这还不算什么,更令人讶异的是这么一个小家伙,明明落入了这污泥之中,偏生心气儿比谁都高。

    前脚刚过了麻劲,后脚听了叮嘱,便挺直了腰板儿,下身就被扯得流血不止。

    他也不惧,半分不肯弓腰,若不是指尖儿颤个不停,还以为他是没痛觉的咧!

    可身子毕竟是肉体凡胎,心里头这劲儿再高,也抵不过痛到了极致,还是得晕。

    老太监呐,一辈子也就发了这么一次善心,将小忠子拖进了茅房,将他上头的老太监传下来的药膏给他抹了,才保住他的一条命。

    当时,他就想着,这个小家伙,以后怕是个人物啊,这药膏给了他用,说不定也能换个好处来不是?

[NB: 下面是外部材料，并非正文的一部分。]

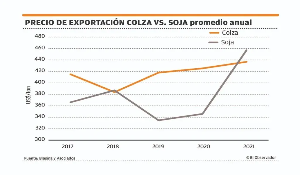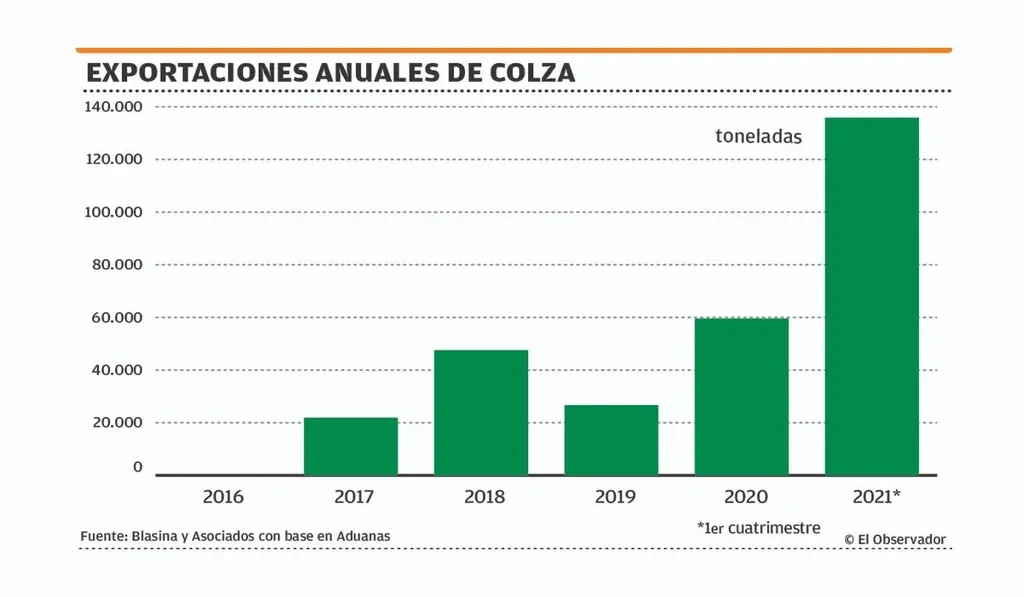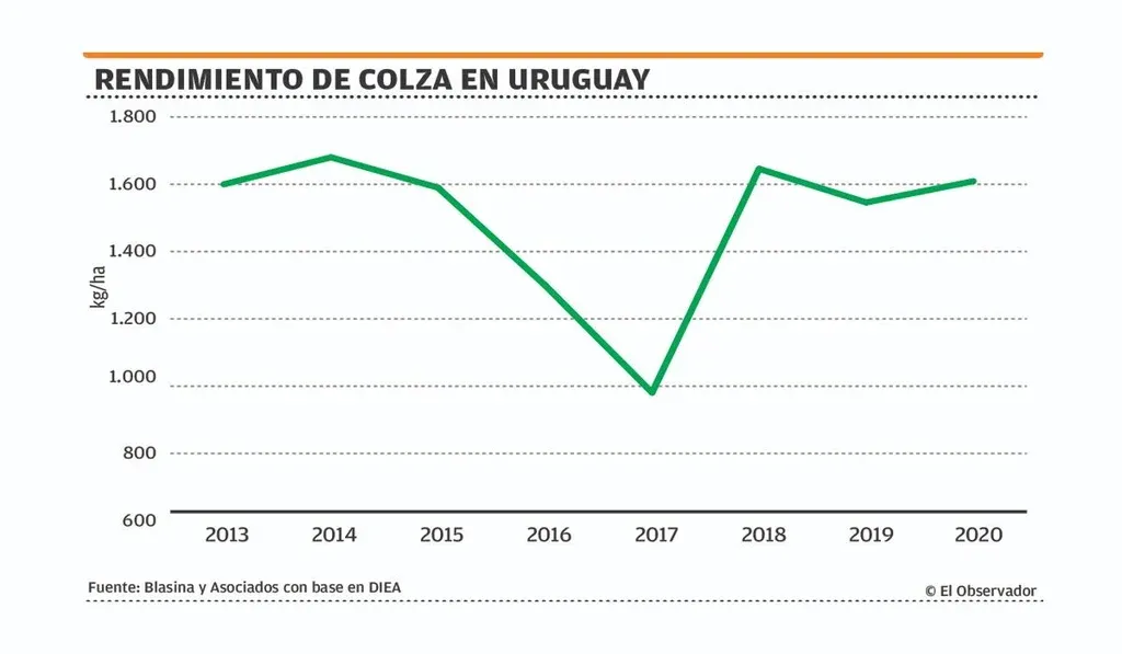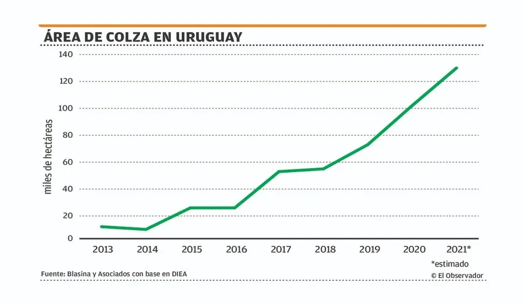El desarrollo de las brassicas en Uruguay fue impulsado por Alcoholes del Uruguay (ALUR), con la lógica de complementar la producción de aceite a partir de las cosechas de verano.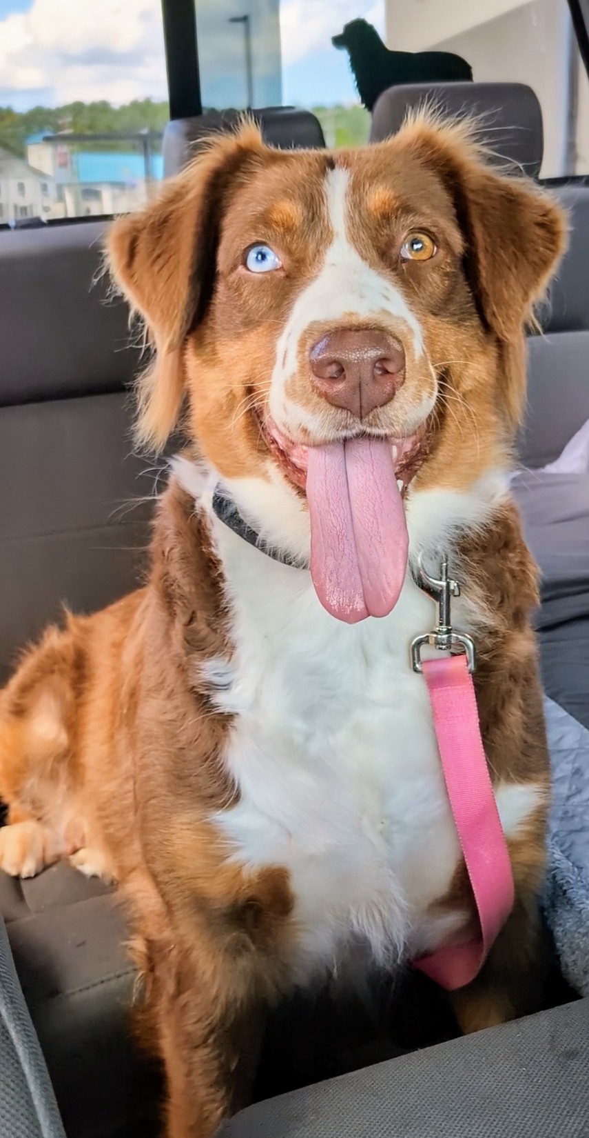 Pet Description:Red w/ tan points. Australian Shepherd. Medium length coat. White markings on face, neck, chest, bobbed tail. 84.4 lbs. Scared & in new home environment. Broke through screen door of new house. |
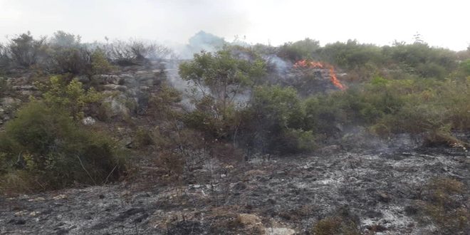 أخمدت فرق الإطفاء من دائرة الحراج ومركز إطفاء مدينة القرداحة والدفاع المدني حريقاً شب في الأراضي الزراعية في قريتي المعلقة وبقيلون في منطقة القرداحة بريف اللاذقية.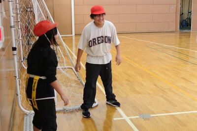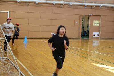 まずは、腰に付けたタグをとられないように周りを見て動く練習をしていました。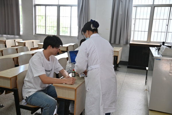 医务人员赶至现场为受伤同学做初步处理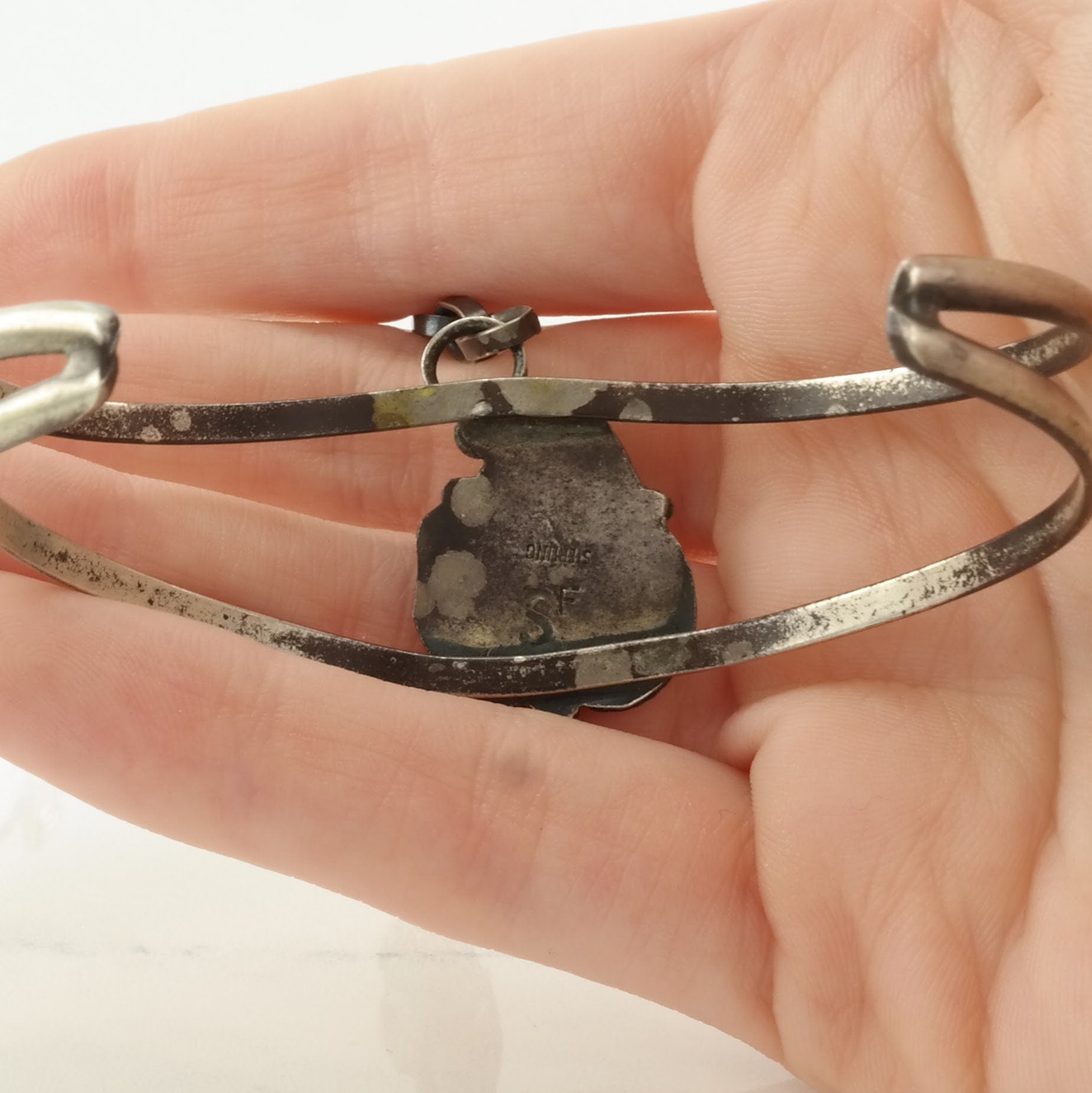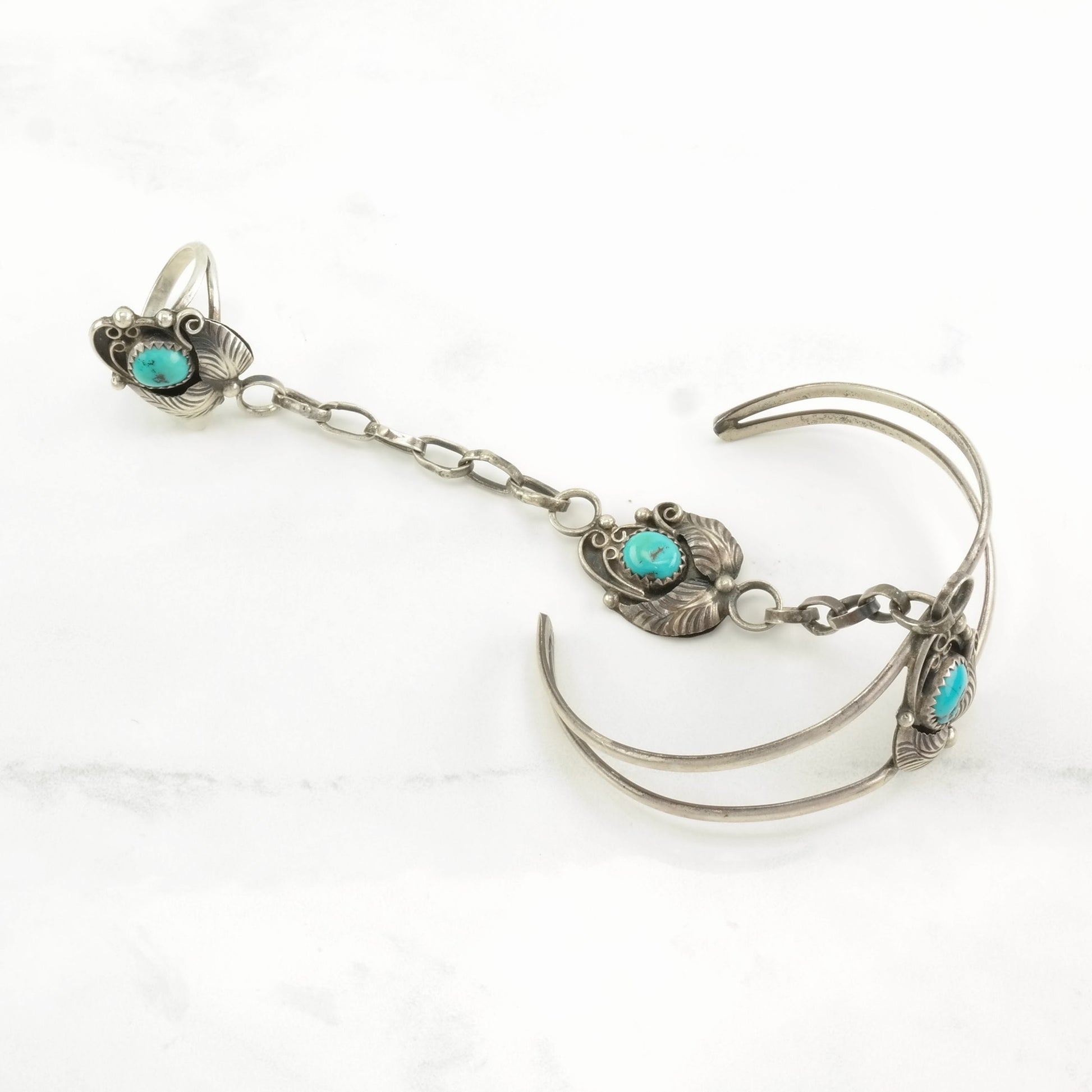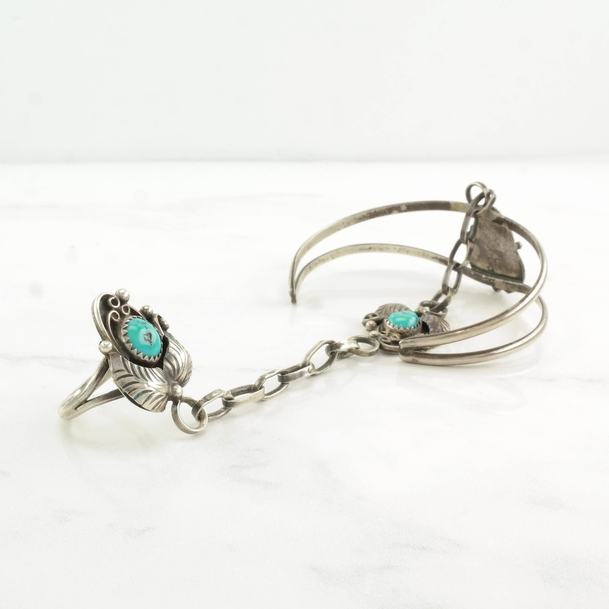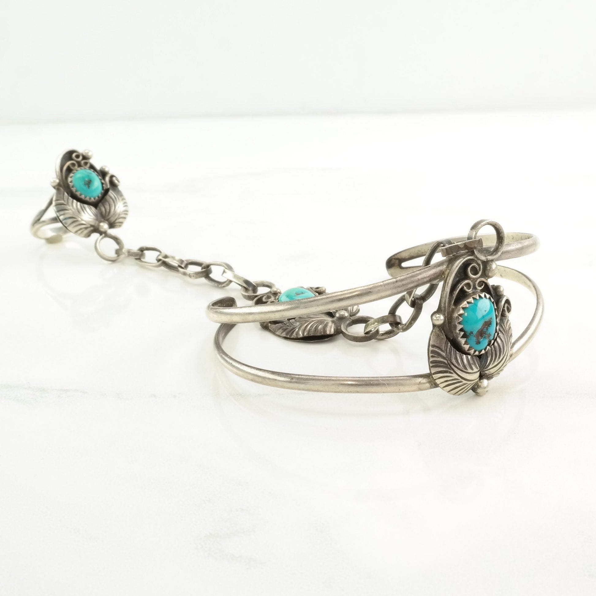 Native American Sterling Silver Cuff Bracelet Ring Combo Blue Turquoise Leaf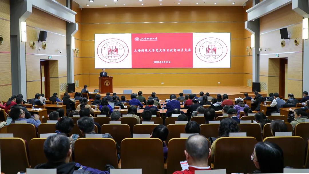 3月18日,上海财经大学召开党史学习教育动员大会,认真学习贯彻习近平总书记在党史学习教育动员大会上的重要讲话和中共中央印发的《关于在全党开展党史学习教育的通知》精神,贯彻落实教育部党组和上海市委、市教卫工作党委部署要求,对学校开展党史学习教育进行全面动员。校党委书记、校党史学习教育领导小组组长许涛作动员讲话。教育部高校党建工作联络员陈晓漫出席会议。

    再说,此子要强,有了药膏辅助,他竟更不怕疼了,这腰板子还真就这么挺了起来,走起路来亦比旁人风流潇洒,自在挺拔许多。

    更要紧的是——

    不会漏尿,身上也不会总有一股臭臭的尿骚味。

    这可是最要紧的地方。

    能不能去主子面前伺候,就看这么一个点儿。

    但就连老太监也没想过,进忠这心气儿竟高到了这个地步,才几十年,竟从最低贱的小太监,稳稳的踩上了太监的最高点!

    御前太监总管!

    当然,老太监也因为这一次的善心得了实打实的好处。

    进忠助他成了净身所的主管,倒也是个能闲着养老的好差事了。

    “他不肯,就随他。”进忠抬了抬下巴,“药多用些,让他好的快一点,翊坤宫正等着呢。”